"Our background and circumstances may have influenced who we are, but we are responsible for who we become."

Thursday, March 14, 2013

My Future...

Ahhh here we are again...welcome to DEAD WEEK! Ugh! Of course what am I doing? Procrastinating? Actually I'm getting into my writing zone. I have a final paper to write tonight and sometimes I need to get into my zone to powerhouse it out. I love to write, it's just a matter of getting my head into it.
But that's not what this post is about. It's moments like these where I'm so wore out from school that I sit back and think about what I'm really working for. I picture my life ahead of me and what I'm doing to make that possible. I think about my future career and how I can't wait to get started in it. I look up jobs through the State ads just to get an idea of what they are looking for and what I should be expecting/preparing for. I think about what my first interview will be like, whose lives I'm going to change, what kind of cases that I'm going to get that will change my life. The more I think about it the more motivated I get. It lights that fire inside me that sometimes dies down a little at the end of each term. So here I am again thinking out my life and the plan I have for myself, so I decided to lay it all out.
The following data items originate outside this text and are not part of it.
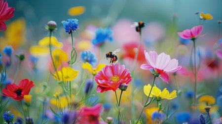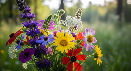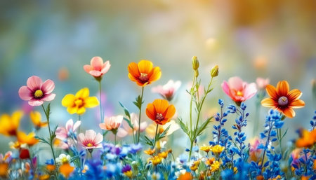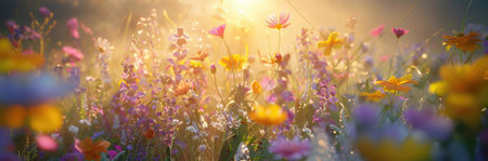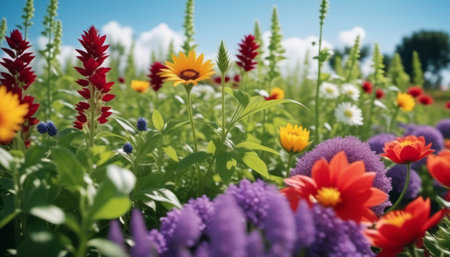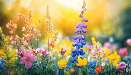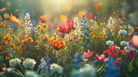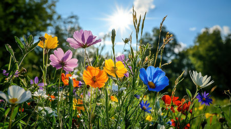Vibrant wildflowers bloom in a sunny meadow during springtime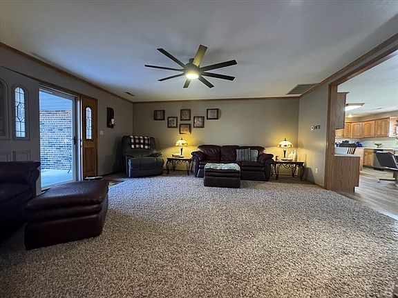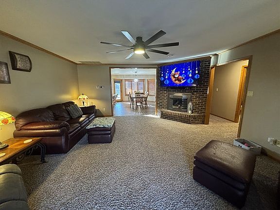 Charming & one level all-brick ranch home with 3 bedrooms, 2 spacious baths, and a cozy gas fireplace in the living room. The bright, open kitchen and dining area boast ample cabinets, countertops, an island, and an eat-at bar. Walk-in pantry, coat closet, and extra storage throughout. The master suite features a large room, walk-in closet, and private bath with double sinks, shower, and tub. Designated utility room with built-in ironing board. Oversized attached garage with storage and a versatile bonus room. Beautiful level yard, front patio, large partially covered back patio, garden shed, and ample parking on a quiet street. Call or text Sonja at 660-651-4107 for your showing.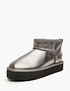 - Укороченная модель женских угг - идеальный вариант обуви на зимний период с температурным режимом -5/-20. Подклад пары выполнен из натурального меха, а стелька - из шерсти. Облегченная подошва высотой 3 см обладает повышенной устойчивостью к трению. Представлены в черной серебристой коже и велюре сиреневого и оттенка хаки на выбор.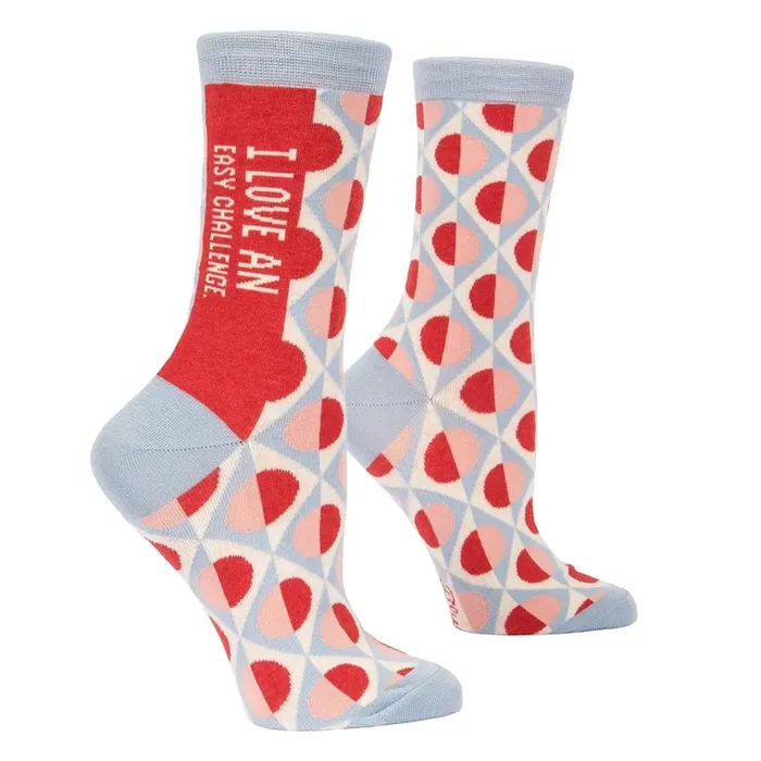 I Love An Easy Challenge Women‘s Crew Socks BlueQ at GetBullish

I am currently 19 years old working on my Bachelor's of Human Development and Family Studies. While I'm working on my first degree, I want to study abroad in a country working with poverty stricken communities and children. Somewhere like Ethiopia with the Adoption Advocates International. I'm going to graduate in the Spring of 2015 with my degree from Oregon State University.

Not my picture, borrowed!
Yes that is my face pasted on, but use your imagination with me folks!
After I graduate, I want to move to Boise, Idaho and attend Boise State University and earn my M.S.W.(Master's of Social Work) by the time I'm 25. By this time I would like to be considered bilingual in Spanish.

Woohoo! Go Broncos!
If I haven't already found a job within the career I want by the time I graduate, I would like to find one working possibly in DHS in Oregon or Idaho. Then I can wear real work clothes instead of my old nasty Papa Murphy's uniform! ;) But I should explain since I get this question ALL THE TIME. "Why do you want to do that job? It's so depressing." Yes there are some very difficult things that come with the territory, but in reality I want to change lives and change them for the better. But then one day I came across a quote that really hit me and I was like, "Yes that is exactly why!" and the quote read..."I can't help it. I love the broken ones, the ones who need the most patching up, the ones who've never been loved...and maybe I see a part of me in them, the missing piece, always trying to fit in, the shattered heart hungry for a home." Now first of all I want to say that my childhood was by no means bad or awful, especially compared to the people I will be working with, but coming from a poverty stricken family we definitely experienced things that a lot of people will never understand, I had to grow up quickly, but I do not resent or regret one bit of it. I want these children and families to do the best for not only themselves, but each other and the community. I feel like I will be able to truly relate to the people I will work with, I won't be that case worker they look at and say this girl doesn't even know what it's like, she doesn't know our struggles and here she is trying to change us. No, I do know what it is like to an extent and I want to help you and give you the hope that I had stored into me. Everything is possible and sometimes all people need is that helping hand.

 Some of my personal fav's! Credit goes to: http://hello-gorgeous-blog.blogspot.hu/p/threads.html
Check it out she has fabulous ideas!!

My first real debt when I get out of school will be buying myself a new car!


 


I haven't planned much past that. I mean of course I eventually want to get married and have kids, but I have so much more that I want to do first. All in all though, I want to change lives. I want to be an inspiration to everyone I come in contact with.
Another thing I am determined to do throughout my life is to give back to the Ford Family Foundation. I owe them so much, especially after what they have been doing for me lately.

I don't know where my life is going to take me, but I am determined that my future will be a bright one and no one can take that from me.